START Provided records

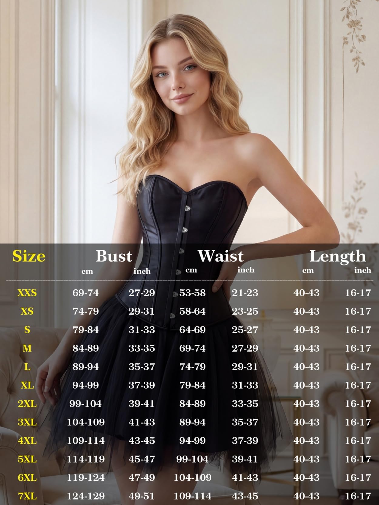 DESIGNED FOR REAL CURVES: Available from XXS to 7XL, our plus size corset is cut to fit real body shapes. Please follow our detailed size chart and measuring guide in the images for the best fit.
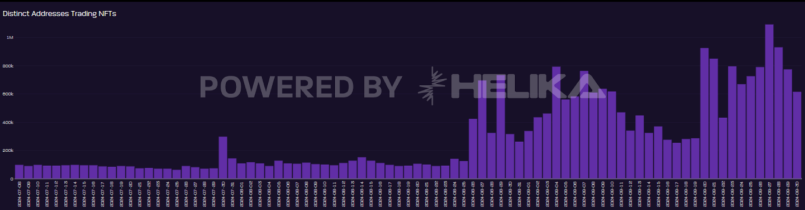 Helikan “Web3 Gaming Report Q3 2024” -raportin mukaan NFT:iden kaupankäynti TON-verkossa kasvoi edellisellä neljänneksellä. Heinäkuussa päivittäiset NFT-kaupankäyntiosoitteet olivat alle 200 000, mutta syyskuussa ne nousivat yli miljoonaan.
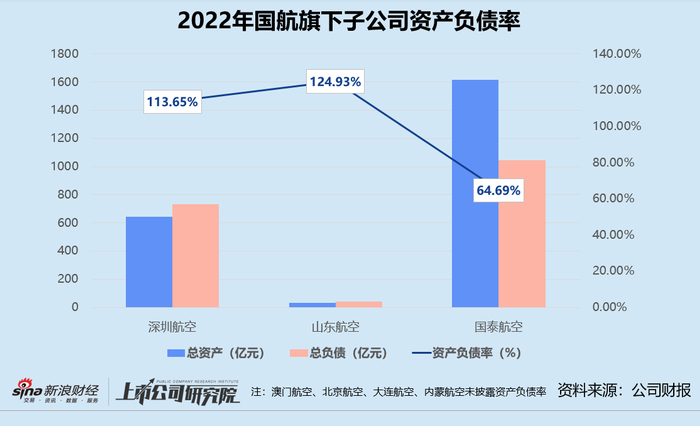国航参股的子公司中,不少也岌岌可危。2022年深圳航空的资产负债率已达到113.65%,旗下的合营企业河南航空仍处于破产重整过程,深圳航空对河南航空的2.04亿元负债承担偿付责任。中诚信国际信用评级有限责任公司将深圳航空的主体信用等级由 AAA 调降至 AA+。
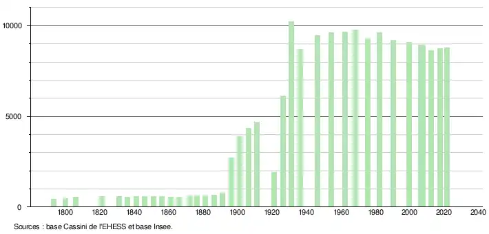 L'évolution du nombre d'habitants est connue à travers les recensements de la population effectués dans la commune depuis 1793. Pour les communes de moins de 10 000 habitants, une enquête de recensement portant sur toute la population est réalisée tous les cinq ans, les populations légales des années intermédiaires étant quant à elles estimées par interpolation ou extrapolation[37]. Pour la commune, le premier recensement exhaustif entrant dans le cadre du nouveau dispositif a été réalisé en 2007[38].
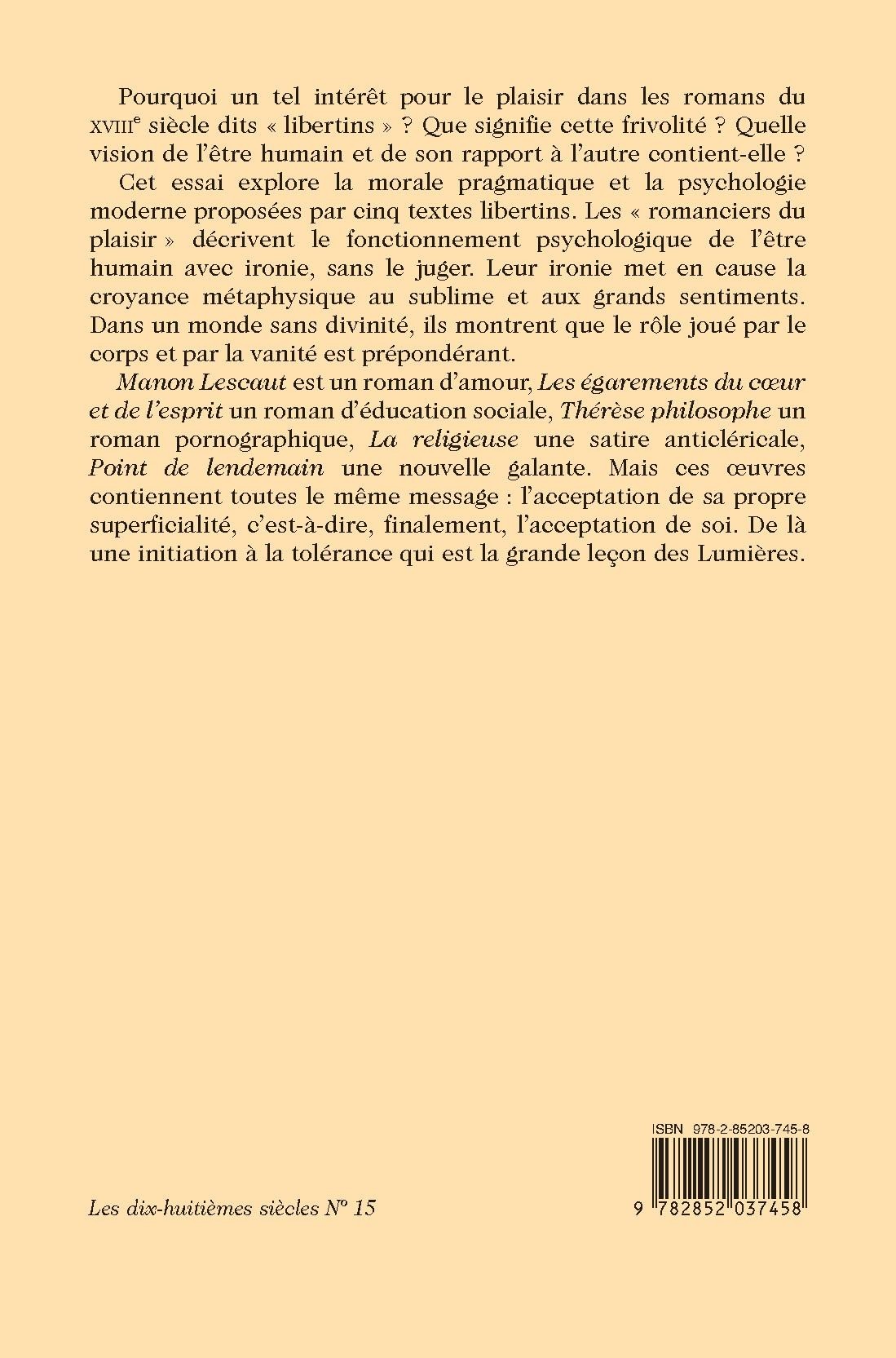 Cet essai explore la morale pragmatique et la psychologie moderne proposée par cinq textes libertins. Les "romanciers du plaisir" décrivent le fonctionnement psychologique de l'être humain avec ironie, sans le juger. Leur ironie met en cause la croyance métaphysique au sublime et aux grands sentiments. Dans un monde sans divinité, ils montrent que le rôle joué par le corps et par la vanité est prépondérant.
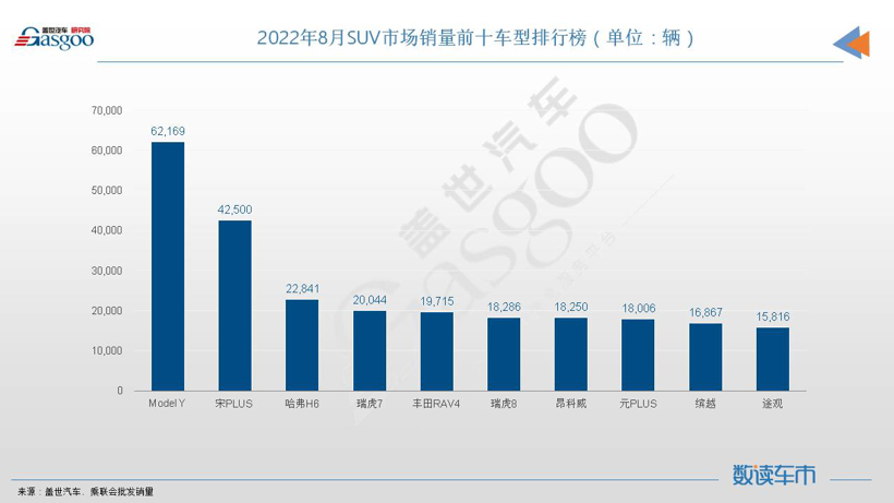 虽然没能继续领跑国内SUV市场,但宋PLUS创纪录的表现依旧在延续,8月宋PLUS月销量首次突破了4万辆大关,拿下SUV市场月度销量亚军毫无悬念。宋PLUS和特斯拉Model Y是8月仅有的两款销量超过3万辆的SUV车型。
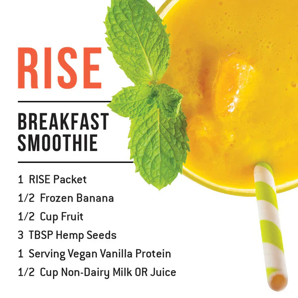 RISE contains SPECTRA™ and S7™ (two plant-based antioxidant and energy powerhouse blends), PQQ (pyrroloquinoline quinone, an antioxidant that supports mitochondrial function) and B vitamins to help the body produce long-lasting energy without caffeine.*
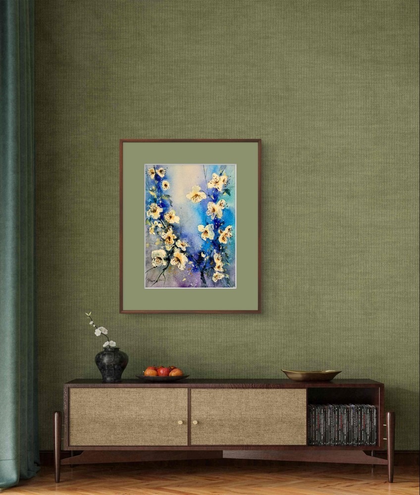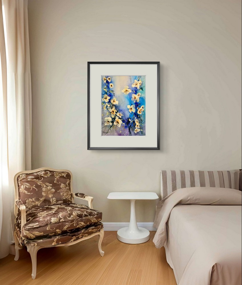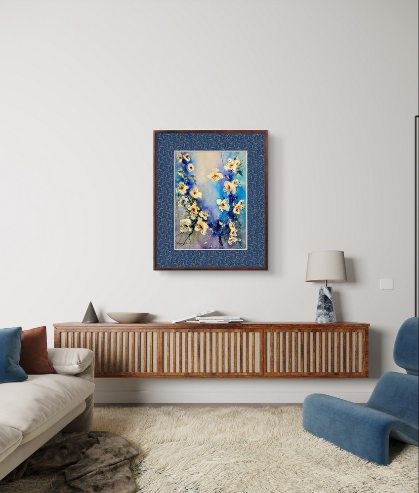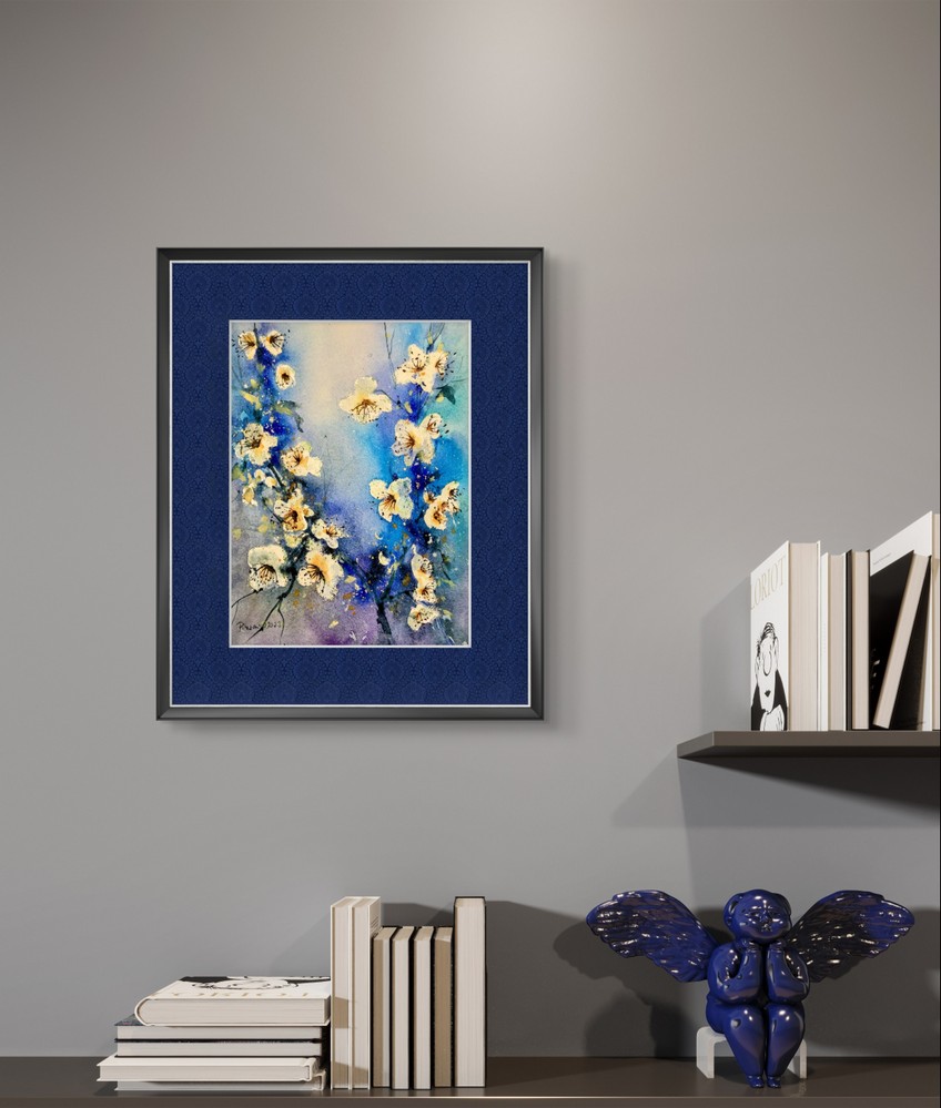 Tablou Flori Albe de Primavara este o alegere ideala pentru cei care doresc sa aduca un strop de prospetime si eleganta in orice incapere. Acest tablou, realizat in acuarela pe hartie 100% bumbac, impresioneaza prin detaliile sale fine si combinatia armonioasa de culori. Floriile albe sunt surprinse intr-un moment de pura delicatete, emanand o senzatie de liniste si puritate. Fundalul albastru adanc completeaza perfect compozitia, punand in evidenta albul stralucitor al florilor.
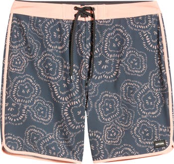 Dip and dive in these lightweight swim trunks featuring contrast binding and a bold print.
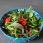 Rocket and Parmesan Salad is a peppery and tangy side dish made with rocket (arugula) leaves, parmesan shavings, red onions, and tomatoes dressed with a simple dressing consisting of olive oil and balsamic.
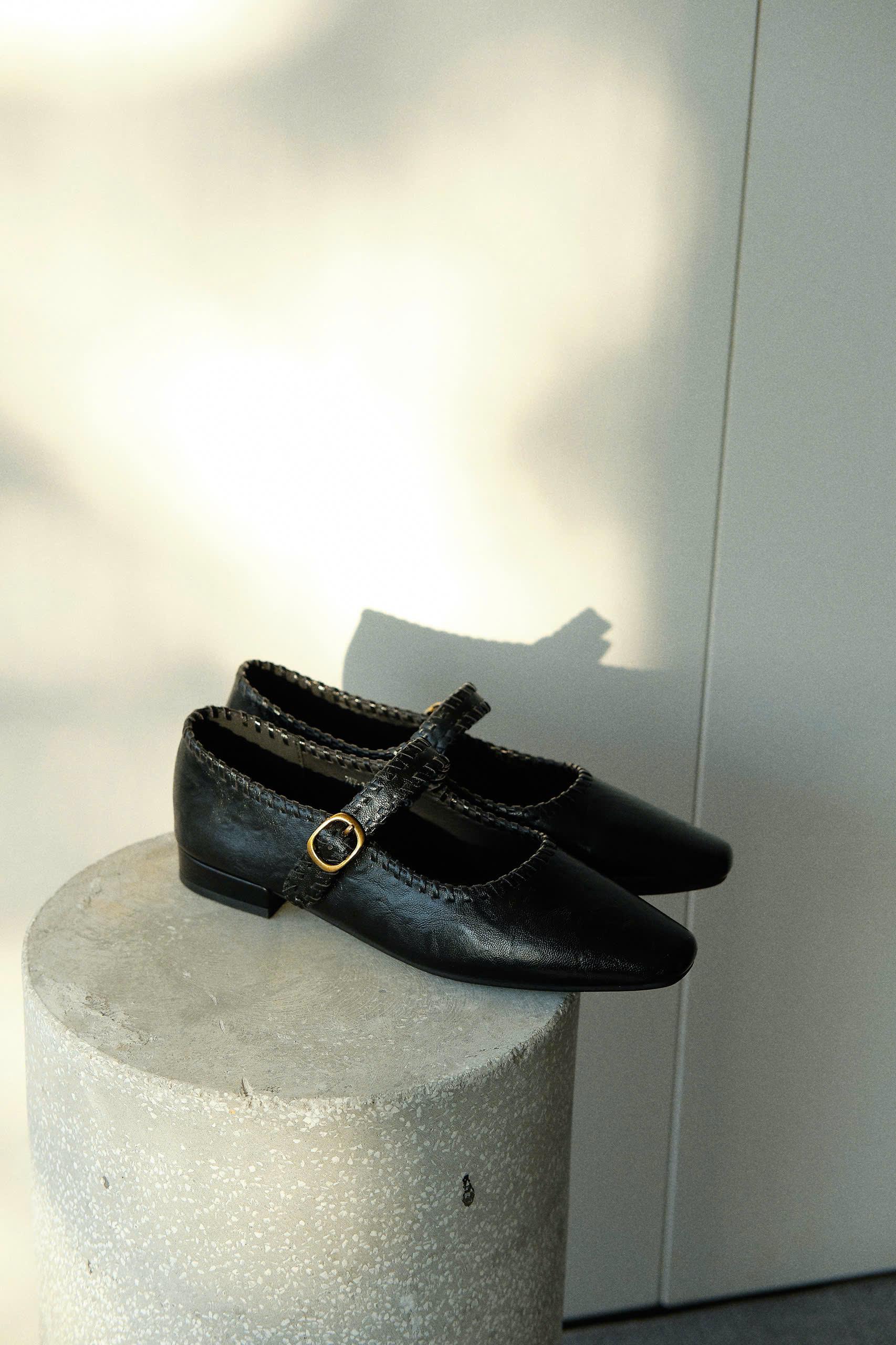 GIÀY ĐEN KHÂU VIỀN KHUY VÀNG
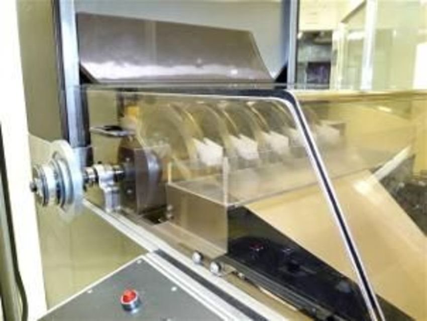 L. B. Bohle KA200 automatic tablet thickness sorting system. Variable speed cotrols with On/Off, Keyed Switch and E-Stop, cover is safety interlocked. Thickness is controled by 6 sets of adjustable discs from 5mm to 20mm. All six sets are adjustable with one handwheel or individually by micro adjustable screws. Tablets are automatically separated into three separate areas of too thin (deposited into lower stainless steel pull pull drawer), too thick (deposited into plastic upper removable receptacle) or good (exits through outlet chute into your container). Hopper has capacity of 40,000 5 gram tablets. Machine is mounted on casters for portability. Dimensions 1300 x 1800 x 1800 mm ht Weight: 300 kg***CPPS***
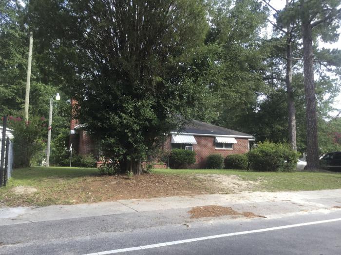 Linear Ranch. Engaged porch. Left bay has 4 light window flanked by 2/2 wood. Other windows covered by aluminum awnings. Left elevation exterior brick chimney. Decorative metal porch supports.

END Provided records

[What to produce]: Restate the listing above word for word, and skip the pictures.

[Solution below]:
 DESIGNED FOR REAL CURVES: Available from XXS to 7XL, our plus size corset is cut to fit real body shapes. Please follow our detailed size chart and measuring guide in the images for the best fit.
 Helikan “Web3 Gaming Report Q3 2024” -raportin mukaan NFT:iden kaupankäynti TON-verkossa kasvoi edellisellä neljänneksellä. Heinäkuussa päivittäiset NFT-kaupankäyntiosoitteet olivat alle 200 000, mutta syyskuussa ne nousivat yli miljoonaan.
国航参股的子公司中,不少也岌岌可危。2022年深圳航空的资产负债率已达到113.65%,旗下的合营企业河南航空仍处于破产重整过程,深圳航空对河南航空的2.04亿元负债承担偿付责任。中诚信国际信用评级有限责任公司将深圳航空的主体信用等级由 AAA 调降至 AA+。
 L'évolution du nombre d'habitants est connue à travers les recensements de la population effectués dans la commune depuis 1793. Pour les communes de moins de 10 000 habitants, une enquête de recensement portant sur toute la population est réalisée tous les cinq ans, les populations légales des années intermédiaires étant quant à elles estimées par interpolation ou extrapolation[37]. Pour la commune, le premier recensement exhaustif entrant dans le cadre du nouveau dispositif a été réalisé en 2007[38].
 Cet essai explore la morale pragmatique et la psychologie moderne proposée par cinq textes libertins. Les "romanciers du plaisir" décrivent le fonctionnement psychologique de l'être humain avec ironie, sans le juger. Leur ironie met en cause la croyance métaphysique au sublime et aux grands sentiments. Dans un monde sans divinité, ils montrent que le rôle joué par le corps et par la vanité est prépondérant.
 虽然没能继续领跑国内SUV市场,但宋PLUS创纪录的表现依旧在延续,8月宋PLUS月销量首次突破了4万辆大关,拿下SUV市场月度销量亚军毫无悬念。宋PLUS和特斯拉Model Y是8月仅有的两款销量超过3万辆的SUV车型。
 RISE contains SPECTRA™ and S7™ (two plant-based antioxidant and energy powerhouse blends), PQQ (pyrroloquinoline quinone, an antioxidant that supports mitochondrial function) and B vitamins to help the body produce long-lasting energy without caffeine.*
 Tablou Flori Albe de Primavara este o alegere ideala pentru cei care doresc sa aduca un strop de prospetime si eleganta in orice incapere. Acest tablou, realizat in acuarela pe hartie 100% bumbac, impresioneaza prin detaliile sale fine si combinatia armonioasa de culori. Floriile albe sunt surprinse intr-un moment de pura delicatete, emanand o senzatie de liniste si puritate. Fundalul albastru adanc completeaza perfect compozitia, punand in evidenta albul stralucitor al florilor.
 Dip and dive in these lightweight swim trunks featuring contrast binding and a bold print.
 Rocket and Parmesan Salad is a peppery and tangy side dish made with rocket (arugula) leaves, parmesan shavings, red onions, and tomatoes dressed with a simple dressing consisting of olive oil and balsamic.
 GIÀY ĐEN KHÂU VIỀN KHUY VÀNG
 L. B. Bohle KA200 automatic tablet thickness sorting system. Variable speed cotrols with On/Off, Keyed Switch and E-Stop, cover is safety interlocked. Thickness is controled by 6 sets of adjustable discs from 5mm to 20mm. All six sets are adjustable with one handwheel or individually by micro adjustable screws. Tablets are automatically separated into three separate areas of too thin (deposited into lower stainless steel pull pull drawer), too thick (deposited into plastic upper removable receptacle) or good (exits through outlet chute into your container). Hopper has capacity of 40,000 5 gram tablets. Machine is mounted on casters for portability. Dimensions 1300 x 1800 x 1800 mm ht Weight: 300 kg***CPPS***
 Linear Ranch. Engaged porch. Left bay has 4 light window flanked by 2/2 wood. Other windows covered by aluminum awnings. Left elevation exterior brick chimney. Decorative metal porch supports.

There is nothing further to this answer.